The next day when I mentioned the suitcases, the driver was dubious. “They’re not very good quality”, he mused.
“It’s only got to make one trip,” I said, “I don’t need to pass it on to my children.”
“Oh, OK then,” he said brightly, and after dropping my colleagues off at the hotel (I couldn’t make them go through that again) we set off for Wazir Akbar Khan.
It was gloomy when we arrived, nearly dark, but bright fluorescent lights hanging from a string of wires gave light. The driver made me stay in the car, otherwise “the price will double as soon as he sees you.” Soon he came back with two possibilities.

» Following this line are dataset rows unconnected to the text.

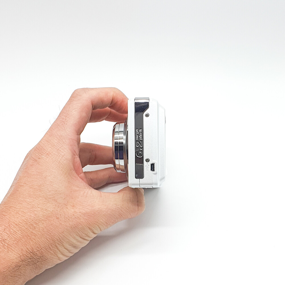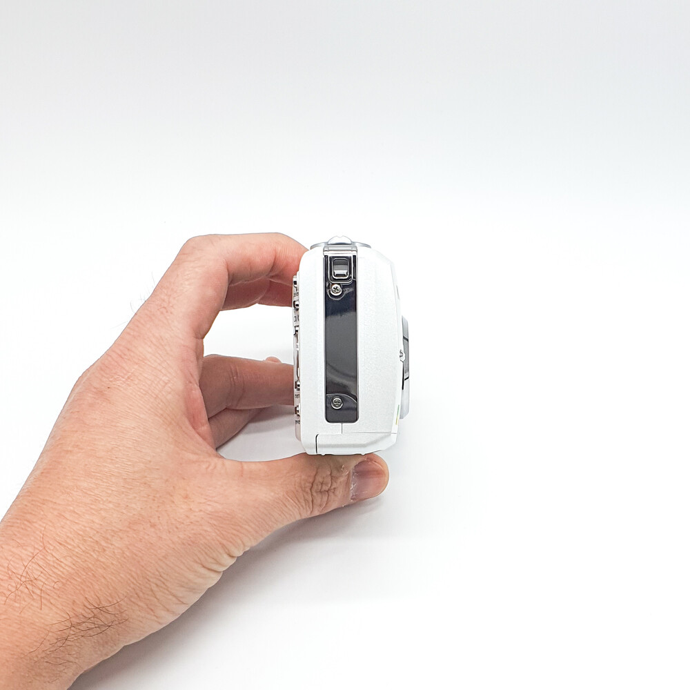 한 손에 쏙 들어 오는 작은 사이즈(91 x 66 x 35 mm)에 무게는 187그램으로 가벼워 주머니에 넣고 다니기 좋습니다. 여행 시 휴대폰 대신 가볍게 촬영하기 좋고요.
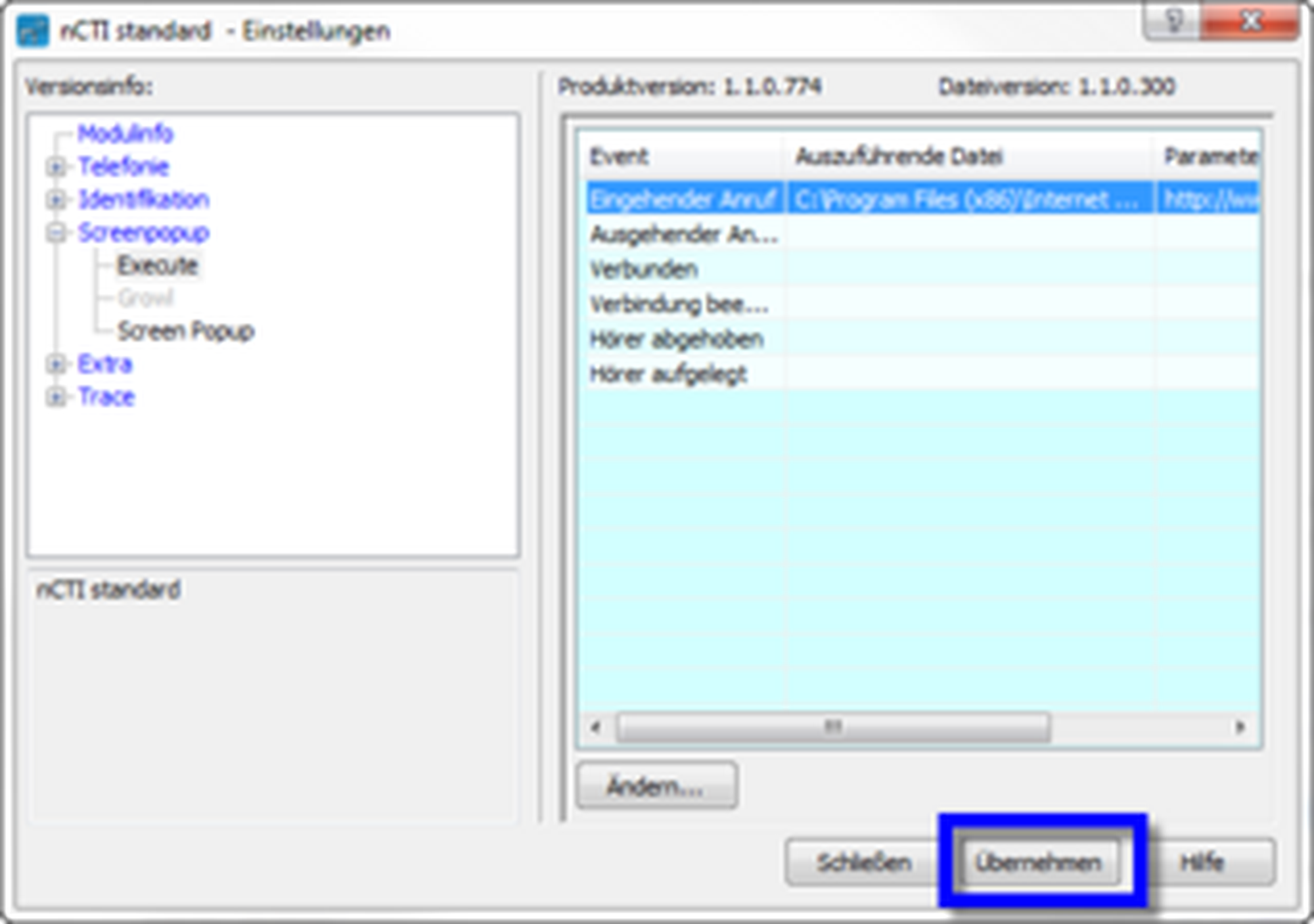 ⇒Your settings will be applied and you are ready to use the NCTI standard / CRM client.
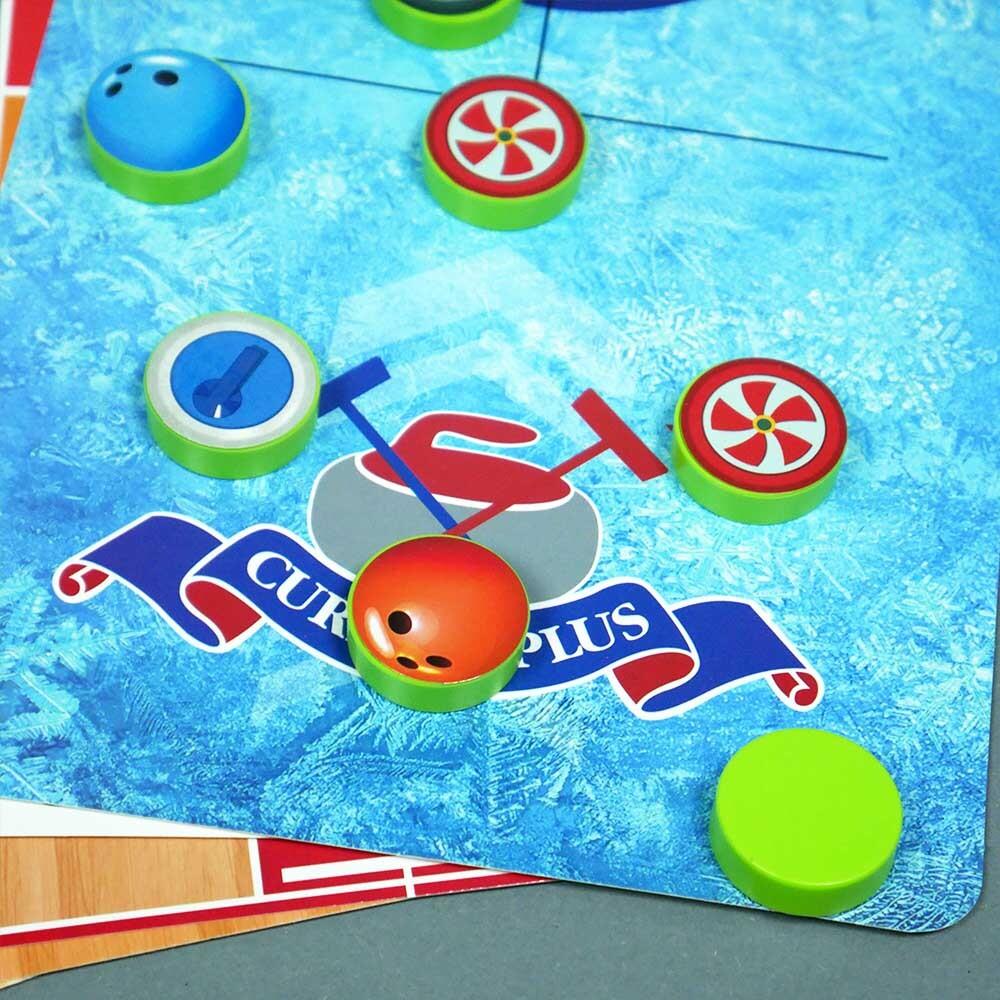 Máte doma spoustu stolních her, ale už je máte příliš ohrané a moc vás nebaví? Říkáte si, že už vás jen tak něco nepřekvapí? Potom vyzkoušejte tuto sadu šesti her, se kterou teprve poznáte, jaké to je zažít kopu zábavy! Čeká na vás takový výběr, který možná neznáte. Je libo kuželky či trochu vylepšený bowling? Co si tak zahrát fotbal, basketbal nebo dokonce curling a grand prix závody? Každá hra funguje na principu přesunu žetonů, k nimž náleží polepky dle typu hry, pomocí gumiček, které se připevňují na herní základnu. Můžete tak jimi sestřelovat kuželky, střílet do soupeřovy brány nebo dokonce závodit na zakřivené ploše. V tom případě využijete gumiček po obou stranách, abyste dovedli zatočit.
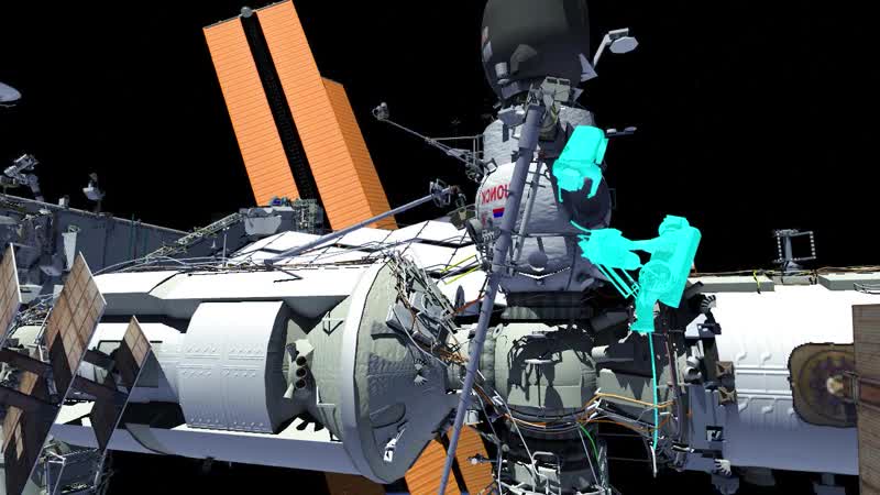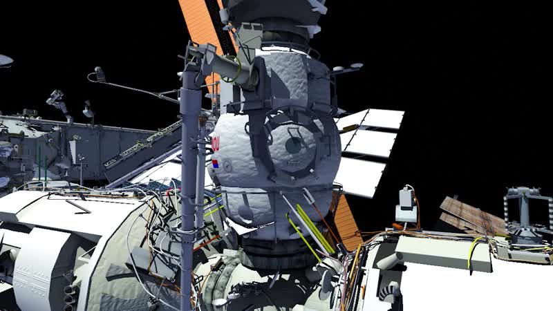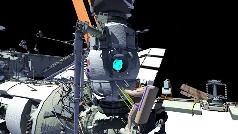 This computer-generated animation is a depiction of a scheduled spacewalk by Roscosmos cosmonauts Sergey Prokopyev and Dmitri Petelin outside the International Space Station to remove experiment hardware and install communications hardware. The spacewalk, scheduled for June 22nd, will be the seventh for Prokopyev and the fifth for Petelin, and the 266th spacewalk in support of station maintenance and upgrades.
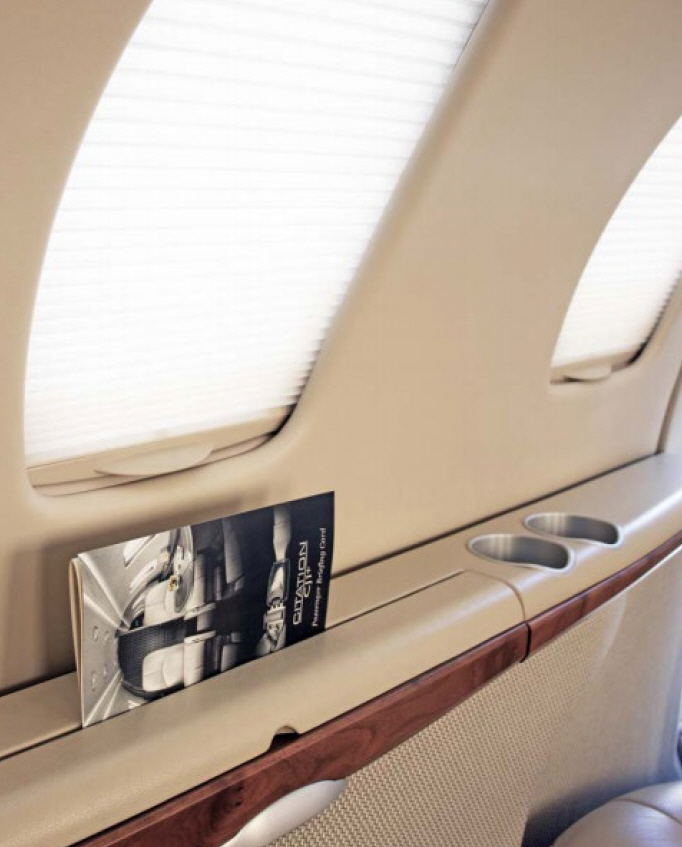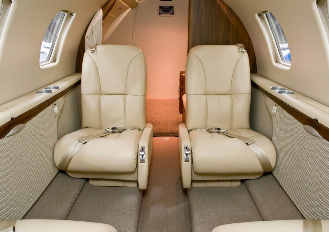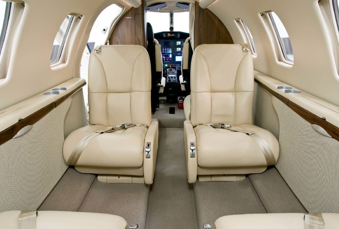 The CJ1 cabin is arranged for practical business travel rather than a large-cabin experience. Most aircraft are configured with a forward refreshment area and a club seating group, offering a quiet environment for conversation and laptop work, but limited ability for passengers to move around. The lavatory is typically an aft, enclosed unit; amenities vary by serial number and refurbishment history. Cabin storage and baggage space are adequate for soft bags and typical business luggage, with careful packing needed when flying full seats.
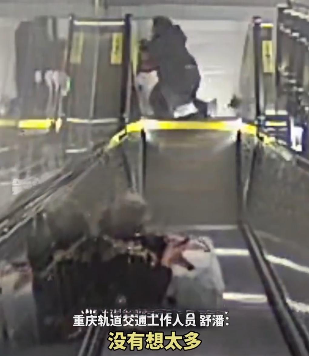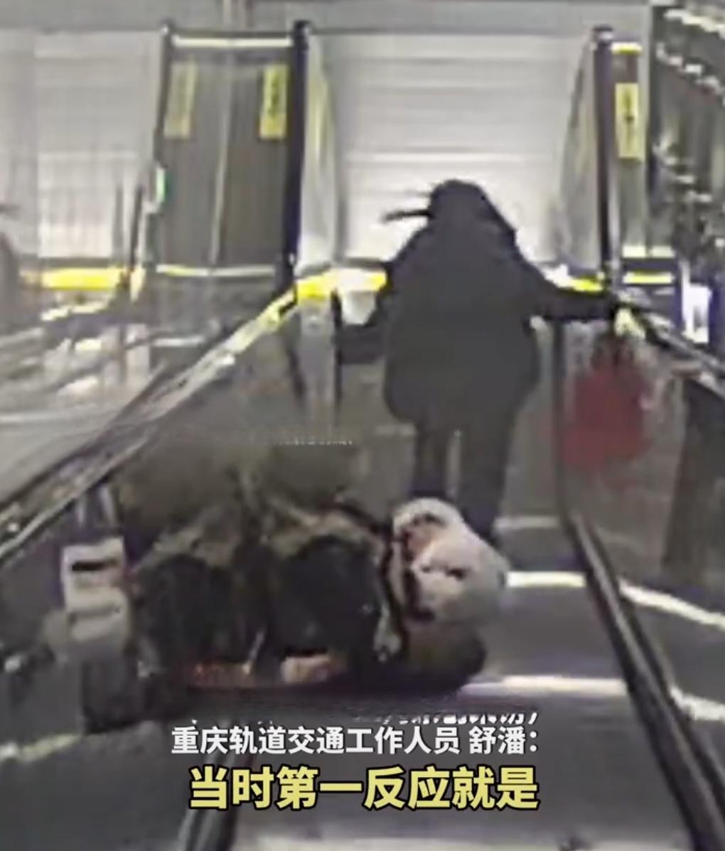 2026年3月26日,重庆轨道交通,一名工作人员在上班途中遇到了突发情况。 上午8点多,在红土地站进站扶梯口,一位婆婆提着菜篮子踏上扶梯。她没站稳,身体往后仰,眼看就要倒下。 当时,轨道交通工作人员舒藩正好从旁边经过。他事后回忆:“我余光扫到有人晃了一下,回头一看,老太太已经往后倒了。” 她飞奔而下,连滚带爬冲到扶梯口按扭边,按下扶梯急停按钮,同时伸手托住老人的后背。 扶梯停了。婆婆被稳稳扶住。 “婆婆,您没事吧?”舒藩问。 婆婆愣了愣神,说:“我……我没事,就是脚滑了一下。” 旁边的乘客也围过来。有人说:“女士,反应真快。” 舒藩检查了一下婆婆的情况,确认没有受伤。她把行李箱扶起来递给婆婆:“您小心点,要扶好扶好扶手。” 婆婆点点头:“谢谢你啊,美女,要不是你,我今天就摔惨了。” 舒藩笑着说:“应该的,您慢走。” 整个过程不到10秒。 站内的监控拍下了这一幕。画面里,舒藩从起步到按停扶梯,动作连贯,没有犹豫。 视频后来被传到网上,多家媒体转发,镜头被称为“超帅瞬间”。 舒藩看到视频后说:“哪有什么帅不帅的,看到了就得上。”重庆地铁导视
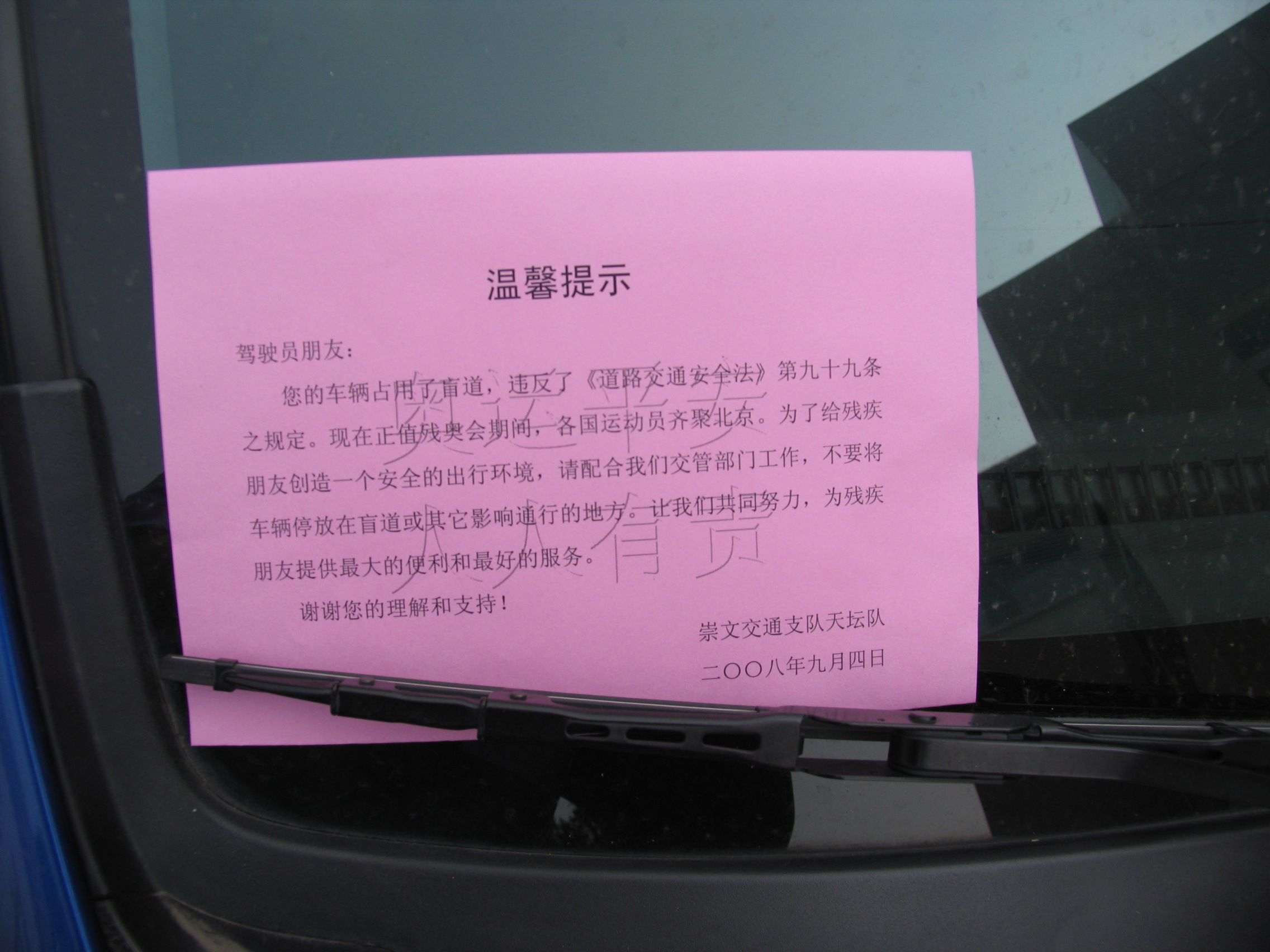 残奥会前夕,崇文支队天坛队结合对管界内违法停车、占用盲道停放车辆的清理整顿工作,专门制定了提示司机不要占用盲道停车的宣传单,为残疾朋友提供安全的出行环境条件。

One looked good, so I carefully examined the other. We discussed its merits, its challenges (it was bright green for one thing, although I had to agree it would stand out from the ones other people owned), and its cost. “A bit high”, I murmured, and then pointed in disinterested fashion at the other.
“How much is that one?”
“Ha!” I turned away, and opened the car door.
“Forty? That suitcase will die after one visit to the airport.”
“No, it’s strong – see!” He jumped on top and pushed his knee in to the fabric, pulling the sides towards him with great vigour and making a big dent which popped back to normal when he stood up.
I shook my head. He then proceeded to destroy the reputation of the first suitcase, all the time extolling the virtues of the second.
“Thirty five”, I offered, when I thought he’d started to repeat himself.
He shook his head, picked up the suitcases and turned away.
“OK,” I said to the driver, “Let’s go down to the fellow on the corner and see what he’s got.”
We climbed in to the car and were just closing the doors when the salesman turned back.
“OK, thirty five,” he sighed, pretending that he was losing money on the deal.
I only had two twenties, so I had to ask him to give me change.
He looked at me incredulously, no doubt thinking – rightly – that I’d gone shopping fully expecting to spend $40. I smiled at him, and he burst out laughing, and gave me my change.
“You know he would have taken thirty,” sniffed my driver, as we drove away.